A) Placebo treatment
If we shuffle treatment labels T randomly, then any real causal structure is broken.
Expected result:
- ATE should move toward ~0 (up to sampling noise)
If placebo ATE is still large, something is off:
- leakage (using post‑treatment features)
- a bug in estimation
- severe model misspecification
B) Random common cause
Add a random noise covariate to X and refit.
Expected result:
- ATE should not change dramatically (noise shouldn’t suddenly explain away confounding)
These refutations don’t prove correctness, but they help catch embarrassing failures early.
# A) Placebo
T_placebo = np.random.permutation(T_train)
prop_placebo = Pipeline([("scaler", StandardScaler()),
("logit", LogisticRegression(max_iter=2000))])
prop_placebo.fit(X_train, T_placebo)
ps_placebo = prop_placebo.predict_proba(X_train)[:, 1]
ate_placebo, _ = iptw_ate(Y_train, T_placebo, ps_placebo, stabilized=True)
print("IPTW ATE with PLACEBO treatment (should be ~0):", ate_placebo)
IPTW ATE with PLACEBO treatment (should be ~0): -0.038421383093159456
# B) Random common cause
train_aug = train_df.copy()
train_aug["noise"] = np.random.normal(size=train_aug.shape[0])
X_aug = train_aug[X_cols + ["noise"]]
prop_aug = Pipeline([("scaler", StandardScaler()),
("logit", LogisticRegression(max_iter=2000))])
prop_aug.fit(X_aug, T_train)
ps_aug = prop_aug.predict_proba(X_aug)[:, 1]
ate_aug, _ = iptw_ate(Y_train, T_train, ps_aug, stabilized=True)
print("Original IPTW ATE:", ate_iptw)
print("Augmented IPTW ATE (with random noise covariate):", ate_aug)
Original IPTW ATE: 0.5364296626917167
Augmented IPTW ATE (with random noise covariate): 0.5368559807542961
12) Wrap-up
The big picture
- Propensity scores are essential—not just for estimation, but for diagnosing whether causal inference is even plausible (overlap).
- Matching and weighting primarily target average effects (ATE), and may miss meaningful heterogeneity.
- Meta-learners extend this by modeling heterogeneous treatment effects—but their real value lies in enabling targeting decisions through uplift-based ranking, not just estimating effects.
Key takeaways
- S-Learner is a strong baseline and often surprisingly competitive, but can under-utilize treatment signal if the model prioritizes outcome prediction over treatment separation.
- T-Learner enforces treatment-control separation, which can better capture heterogeneity, but may become unstable when sample sizes are small or imbalanced.
- X-Learner balances both approaches by:
- leveraging outcome models from both groups
- imputing treatment effects
- weighting estimates using propensity (favoring the side with stronger signal)
When to use what (practical guide)
- Use S-Learner for a fast and reliable baseline
- Use T-Learner when treated and control groups are well-balanced and sufficiently large
- Use X-Learner when treatment is rare/common or when strong heterogeneity is expected
Regardless of the method, the most important check is whether the model produces a stable and meaningful uplift ranking, since this directly drives targeting decisions.
Final takeaway
The goal of CATE modeling is not to estimate treatment effects perfectly at the individual level, but to identify segments where treatment changes decisions.
In practice, what matters is whether the model produces a useful ranking of individuals by expected uplift.
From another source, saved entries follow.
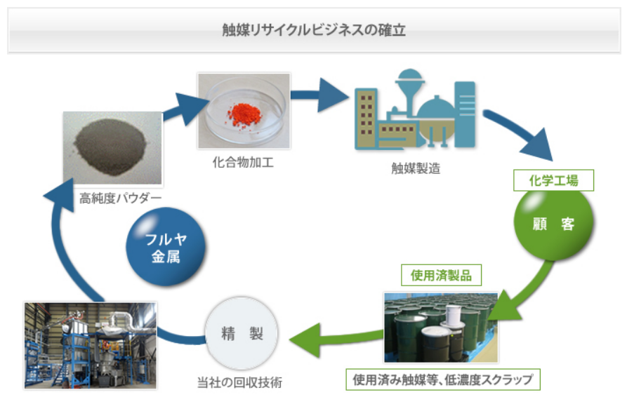 The chemical catalyst production plant has been inaugurated on March 10, 2014 at our Tsuchiura Plant site, with investment value of approx. 600 million yen. By this investment, it has become ready for Furuya to be entrusted with production of processing chemical catalyst for chemical plants by domestic chemical producers. Trial catalyst production will soon be commenced, while commercial production under the entrusted contract with chemical producers will be started during the 2015 fiscal year. Based on the completion of this facility as well as the dry melting furnace introduced in August 2013 for recovery of lower grade precious metal scraps, the complete production and recycling system has established in house, namely "from the production of high grade precious metal powder, chemical compounds, chemical catalyst, delivery to entrusted producers, and through to recovery and refining of spent chemical catalyst". It is proudly said that the recycling model of chemical process catalyst has been established.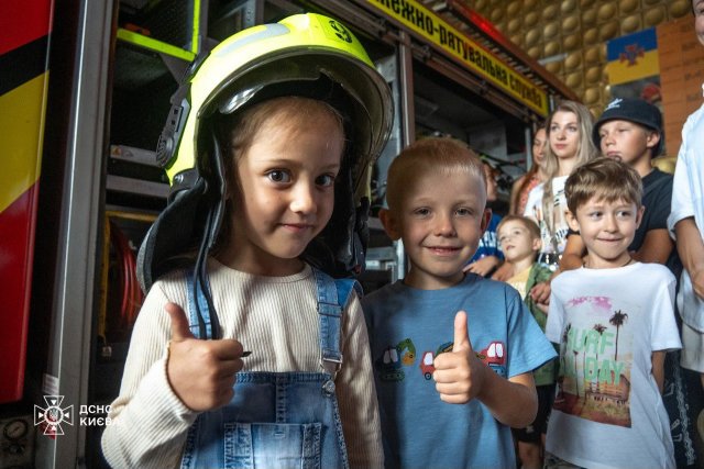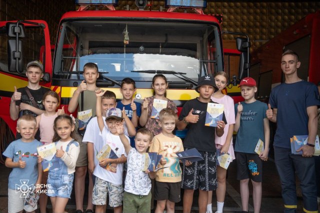 Діти-переселенці з Херсонщини відвідали пожежно-рятувальну частину у Києві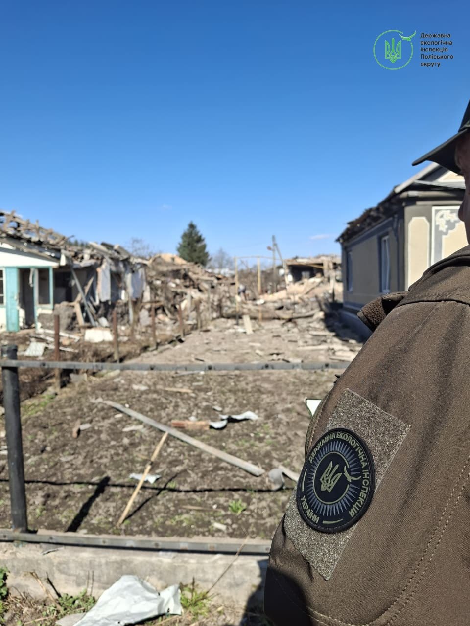 4 березня фахівці Державної екологічної інспекції Поліського округу виїхали на місця влучань у місті Коростень для фіксації наслідків обстрілу.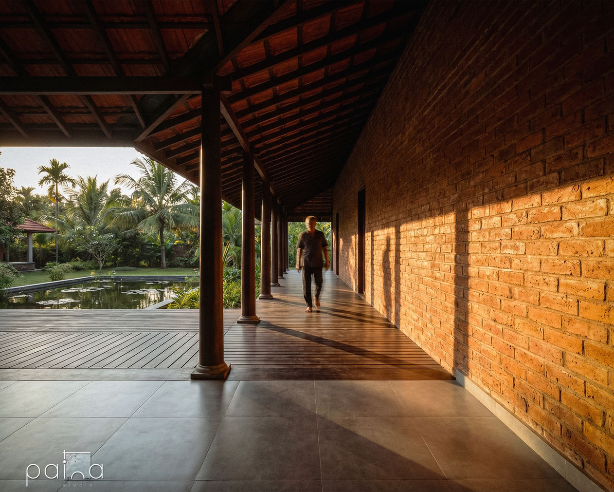 A warm, tropical-inspired space shaped by natural materials, open air, and soft sunlight. The design emphasizes brick textures, timber elements, and seamless indoor-outdoor flow, creating a grounded, tranquil atmosphere. Light and shadow move gently through the space, enhancing a sense of calm, simplicity, and connection to nature.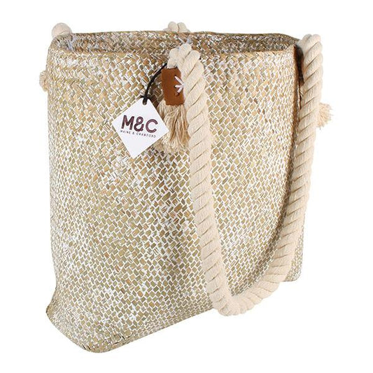 Straw Shoulder Bucket Bag with Vegan Leather Handle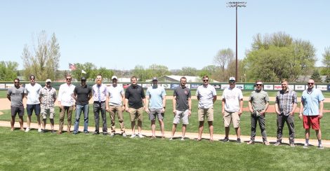 Staff photo by Travis Rosenau Members of New Ulm’s 2002 Class AAA state championship baseball team pose for a photo before New Ulm’s game with Red Wing on Saturday at Mueller Park. Those who attended and pictured in no particular order were Keith McClellan, Eric Austvold, Nate Carroll, Chris Cariveau, Pete Meier, Ty Anderson, Dusty Fleck, Matt Suess, Isaac Forstner, Bob Wellmann, Jace Marti, Joe Peters, Dusty Farasyn, Jamie Hoffmann and Blake Thorson. Those unable to attend were Dan Kitzberger, Brandon Rolloff, Kyle Marti; ‘Bat Boy’ Eric Curry; coaches Jim Senske, David Curry, Jim Schwarz and Dave Kunz.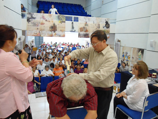 刘光瑞医生简要介绍了中国医学的基本理论和中国国家级非物质文化遗产项目“刘氏针灸刺熨疗法”的基本方法,与观众互动,回答问题,并邀请了10位观众进行现场诊疗,让观众亲身体验中医诊疗,现场观众爆棚,想要体验针灸诊疗的患者排起长龙。在面向医学院学生的讲座中,刘光瑞医生还将中医、印度医学和玛雅医学进行了对比分析,精到的见解引起了现场医学专家的共鸣。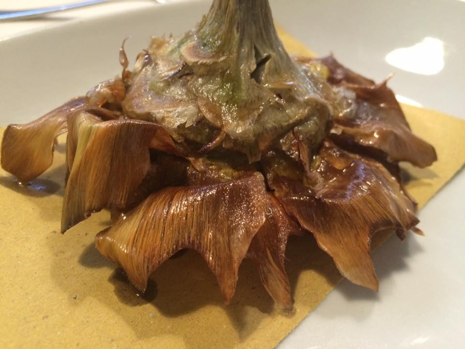 Anche il carciofo alla giudia, dall’aspetto un po’ deboluccio, in realtà segnala una buona mano della cucina anche nei fritti.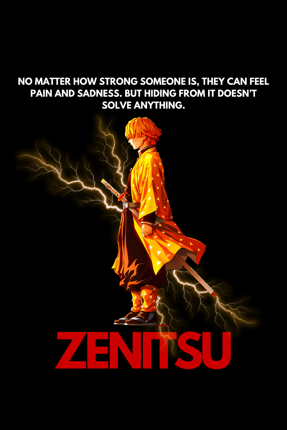 Inspired by one of the most electrifying anime heroes, this tee symbolizes courage, emotion, and resilience. Featuring a stunning design of Zenitsu surrounded by lightning and an inspiring quote — “No matter how strong someone is, they can feel pain and sadness. But hiding from it doesn’t solve anything.”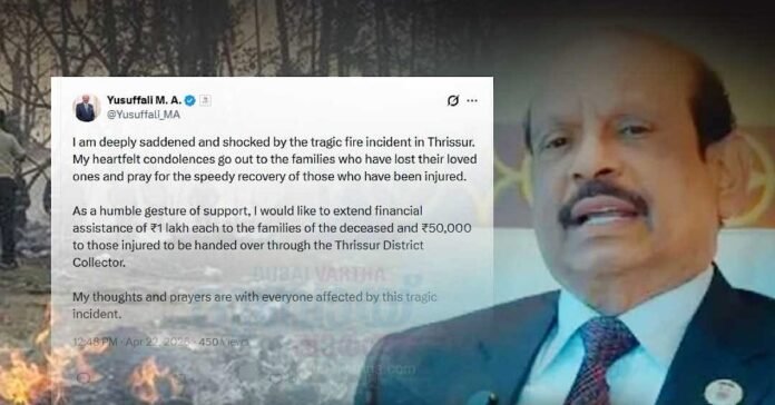 തൃശ്ശൂർ വെടിക്കെട്ട് പുര അപകടത്തിൽപ്പെട്ടവരുടെ കുടുംബത്തിന് സഹായം പ്രഖ്യാപിച്ച് . ലുലു ഗ്രൂപ്പ് ചെയർമാൻ എംഎ യൂസഫലി അനുശോചനം രേഖപ്പെടുത്തി. മരിച്ചവരുടെ കുടുംബത്തിന് ഒരു ലക്ഷം രൂപ വീതം നൽകും. പരിക്കേറ്റവർക്ക് 50,000 രൂപ വീതവും നൽകും. ജില്ലാ കളക്ടർ മുഖേന സഹായം നൽകുമന്ന് എംഎ യൂസഫലി അറിയിച്ചു.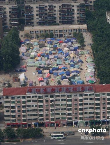 由于天氣的不穩定和余震的不斷發生,眾多綿陽市民還在地震棚里生活。中新社發 趙振清 攝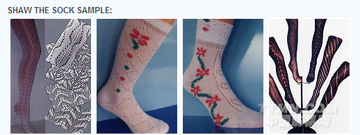 可產生平板襪、移圈襪、女士長筒襪??勺髅柯?色提花,加底色為5色,可做集圈、禁針花樣。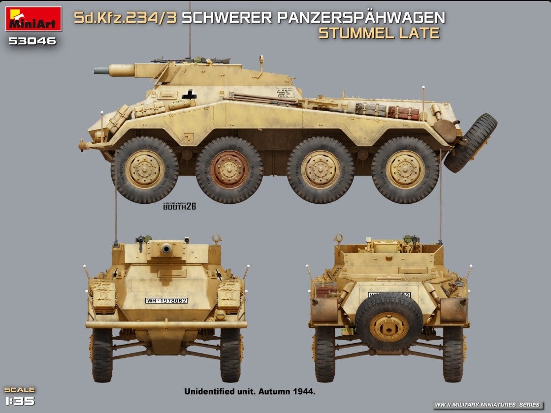 MINIART : REF : MINIART 53046 : 1:35 : German Sd.Kfz.234/3 Schwerer Panzerspähwagen (Stummel Late)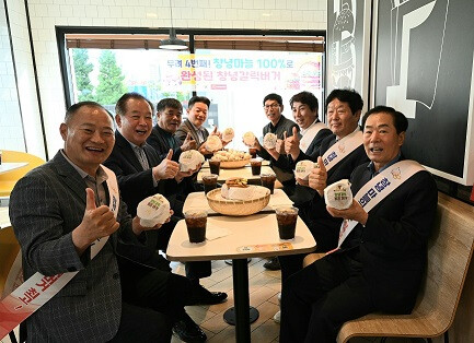 | ▲ 마산석전DT점에서 실시된 ‘창녕갈릭 버거’ 시식회 사진 |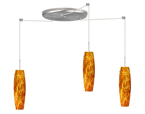 Collection: Tutu, Material: Brass/Steel, Height from Outlet Box: 4.00", Lamp: 3-50w bulb(s), UL: Suitable for damp locations, - Desc: the lamp, GU-24 base. Non-dimmable. Lamp included, see back pg. DIFFUSER Shade shall be handcrafted glass of various decors. 3.5 Dia. x 11.25 HOptional wireform cage is 0.125 dia. tubing with powder coat finish. CORD Standard is 10 SVT-type, complete with 5 decorative sleeve at the socket holder. Jacket coordinates with metal finish. Longer 15 SVT cord length available, see next page. CANOPIES Available on 1, 3 or 6 light canopies, shown on next page. Plated stamped steel construction. No. of Rods: 4 / Cano

Across experiments, this ranking quality (as seen in uplift curves and top-k slices) is often more actionable than pointwise accuracy of treatment effect estimates.
Meta-learners provide a flexible way to capture heterogeneity, but their outputs should not be taken at face value. Diagnostics such as:
- propensity overlap checks
- placebo tests
- uplift-based sanity checks
are essential to distinguish real signal from modeling artifacts.
In real-world applications, a simpler model with stable and interpretable uplift patterns is often preferable to a more complex model with unstable estimates.
Ultimately, the value of CATE modeling lies in improving targeting decisions, not in maximizing statistical fit.